In this study, we demonstrated that the timing of state mandated stay-at-home orders had the most significant effect on all three outcomes: the total cases/100,000, daily case rate, and total deaths/100,000 after adjusting for multiple socio-demographic, geographic and health related factors. A proclamation of this order in the counties that implemented it, even a day earlier, would have reduced the DCR by 0.04, confirmed cases by 12/100,000, and deaths by 0.87/100,000.
Health disparities between the counties in the United States have long existed and been previously well studied 15 16 17. We sought to determine the effects of these disparities on the incidence and spread of COVID-19 at the county level. Socio-economic factors including gender, race, age, income and insurance have been shown to be associated with the incidence and spread of COVID-19 18. Counties with low population in the USA may not have the adequate health infrastructure to manage complicated COVID-19 patients, leading to movement of these patients to adjoining counties with more advanced facilities. Patients from smaller counties may be referred to larger health centers in adjacent counties with larger population, leading to sampling bias in the analysis. Furthermore, individuals with appropriate health insurance coverage may seek out referral centers in adjacent counties with better health facilities. We included counties with a population of > 100,000 population and a minimum case rate of 50/100,000 in an attempt to reduce these biases.
DCR:
We considered a variety of factors which may be hypothesized to have an association with COVID-19 incidence and spread, but the factor that emerged with the most significant association was the days from stay-at-home order (coefficient of correlation -0.73 and a standardized beta of -0.69). The differential effects of the timing of intervention in terms of social distancing, to prevent the spread of the virus, has already been established very recently by Pei (2020) 19. In this study, we were able to show that after adjusting for all possible independent factors, enforced social distancing measures (days from the order of stay-at-home) had the largest effect size in preventing the spread of virus. Uninsured patients had a significant negative correlation with daily case rate, implying that higher uninsured population in a county would be associated with lower COVID-19 cases. The differential accessibility of uninsured population to testing is the likely explanation for this finding. Uninsured people are more likely to experience poverty and have transportation difficulties, therefore they may not be able to reach the few and distant COVID-19 testing sites 20.

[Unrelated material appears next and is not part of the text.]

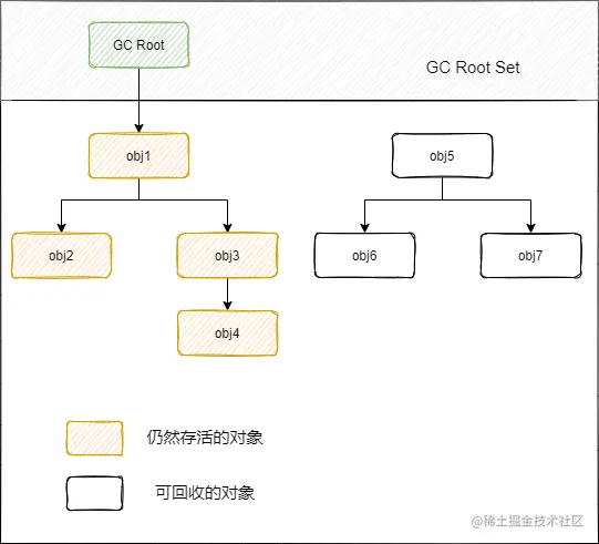 通过GC Root对象为起点,从这些节点向下搜索,搜索所走过的路径叫引用链,当一个对象到GC Root没有任何的引用链相连时,说明这个对象是不可用的。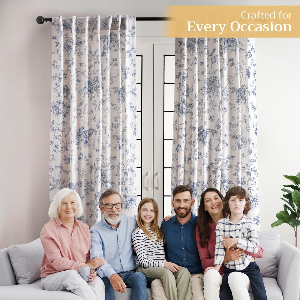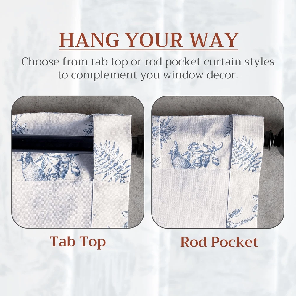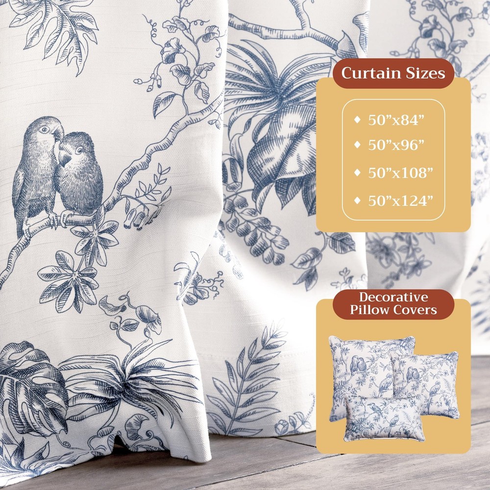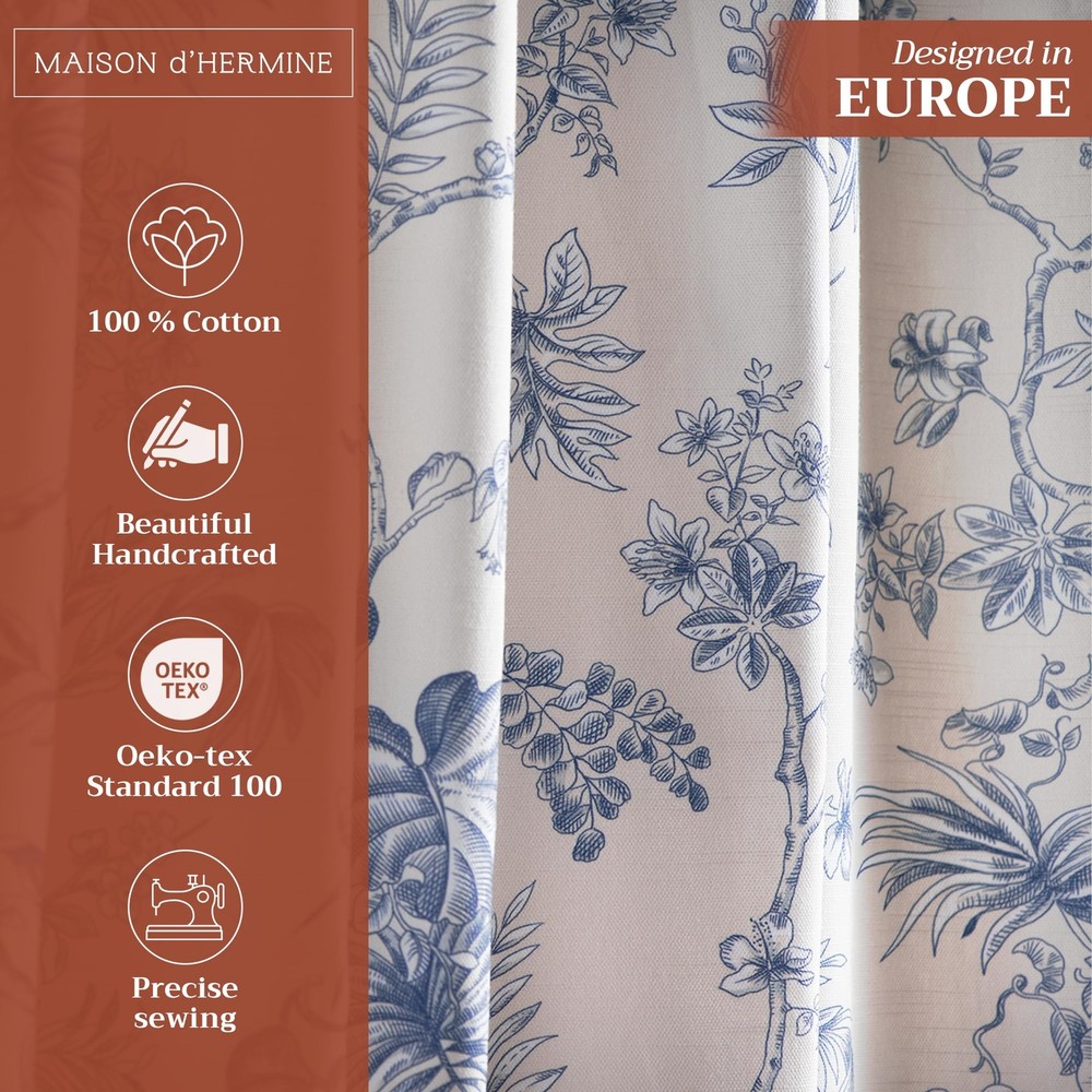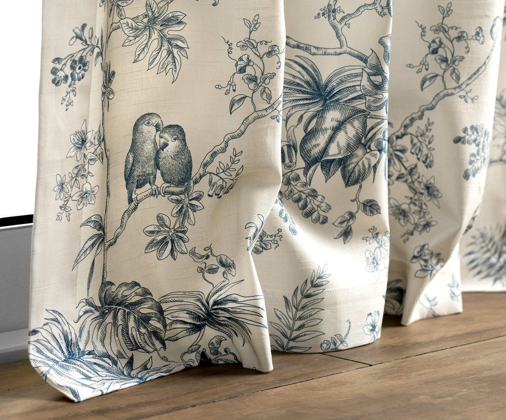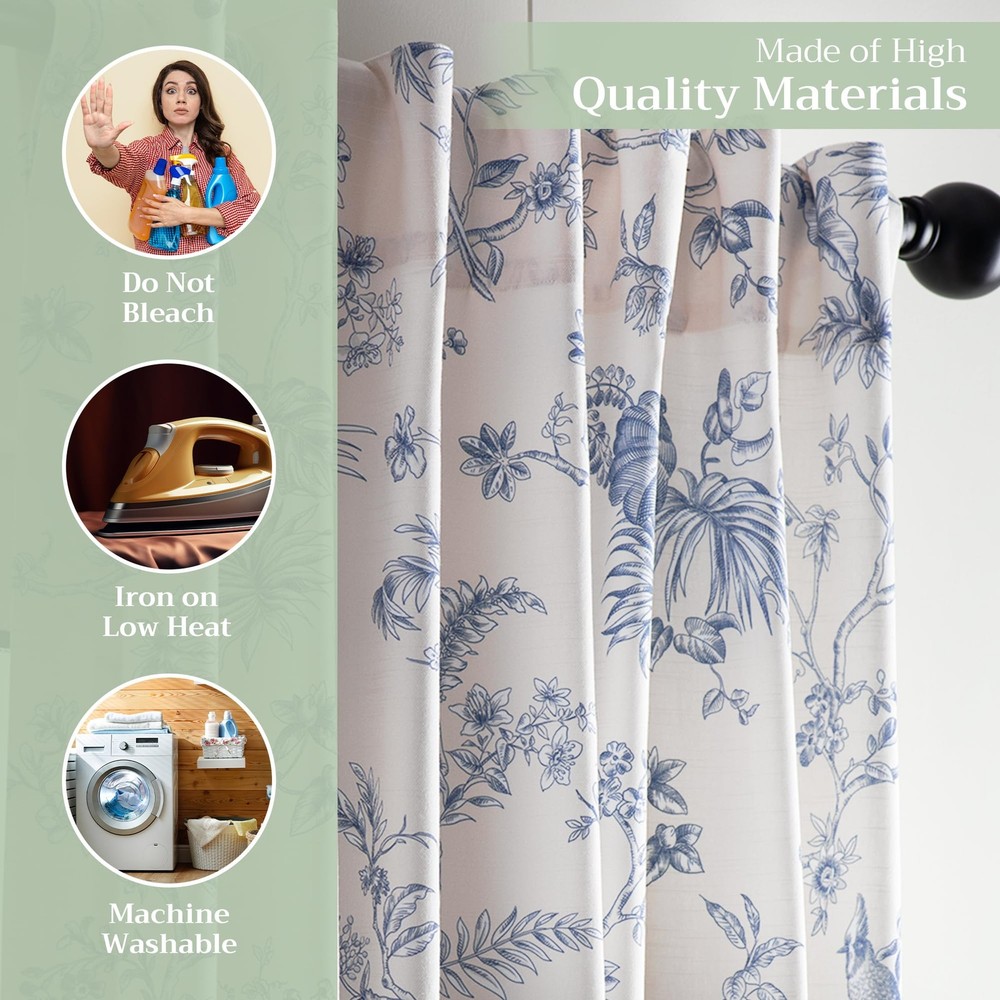 PACKAGE INCLUDES: 1 Panel with loop as well as rod pocket for easy hanging. The Dimension of the curtains is (50"x108"). Available in three different colors and three different sizes, you can pick the one that best suits your home decor. Our products are Designed in Europe and Made in India. QUALITY: Background color of the Curtain is Cream and not white. The fabric is 100% cotton, giving the curtain its high-quality feel and finish. A clear departure from the run-off-the-mill dull-looking curtains, these liven up any setting and are great choices if you're looking to giving a fresh and uplifting makeover to your home. Available in three different background colors and three different sizes, you can be sure to find the right print to enhance the color scheme of your home. UNIQUE DESIGN: A cheerful addition to any space, the Jouy Paradis collection features exotic birds and tropical flowers hand-painted in a French Toile style and printed with care on 100% cotton. Capturing the beauty of a tropical paradise, Jouy Paradise makes a great statement and appeals to those who like a more playful approach to natural patterns and life-like colors. REVAMP YOUR HOME: A clear departure from the run-off-the-mill dull looking curtains, these liven up any setting and are great choices if you're looking to giving a fresh and uplifting makeover to your home. EASY CARE & MAINTENANCE: Machine wash warm with like colors, do not bleach, tumble dry low and warm iron if needed.

Confirmed cases per 100,000:
Significant positive correlation in the best fit multiple regression model was observed between housing problem, population density, lower education, African American race and number of people that received influenza vaccine. Previous research has shown that housing problems may lead to overcrowding, an important determinant for the spread of virus 21. High population density may be associated with increased spread of the virus (Rocklöv and Sjödin, 2020). In our study, higher population density had a large standardized beta coefficient of 0.17 and 0.37 with confirmed cases/100,000 and deaths/100,000 respectively, making this the second most important factor after days from stay-at-home order to affect the outcomes. It is well known that racial and ethnic minority groups are often affected disproportionately more by pandemics. Non-Hispanic African Americans not only have a higher case burden, but also are hospitalized more often and have a higher death rate (CDC, 2020) 24 25. Our study showed a significant association between the number of cases and African American race. Recently, questions were raised about the adverse effects of influenza vaccine on the susceptibility of individuals to coronavirus but other studies have refuted the possibility 26 27. The association of higher rate of influenza vaccination with confirmed cases may be attributed to the fact that in Medicare population, those who have received the influenza vaccination are more likely to get tested and treated for COVID-19. We were unable to determine an alternative explanation for this finding. Significant negative association was observed for days from the stay-at-home orders and uninsured population among the counties.
Confirmed deaths per 100,000:
Several factors that were associated with confirmed cases were also associated with deaths, such as days from stay-at-home order, housing problem, population density and the uninsured. The percentage of unemployed and age > 65 years, both showing positive correlation, were the new factors associated with COVID-19 related deaths. Unemployment is an important socioeconomic factor indirectly related to the higher death rate due to the virus. Lack of timely access to testing, housing problems, chronic illnesses and delayed access to medical treatment can be associated with unemployment, as well as increased number of deaths from the virus. Age > 65 years have been shown to be strongly associated with deaths 28.
Limitations:
The major limitation of the study is that cases of COVID-19 in the counties cannot be directly linked to the subjects with the demographic, socioeconomic or geographic factor. This study merely compares the population characteristics of the counties with the outcomes within the same and other counties. In addition, we considered about 20% of the most populated counties of the USA, which may lead to a bias resulting from the factors associated with less populated counties. Population movement due to referrals from satellite hospitals to large health centers may also lead to statistical bias.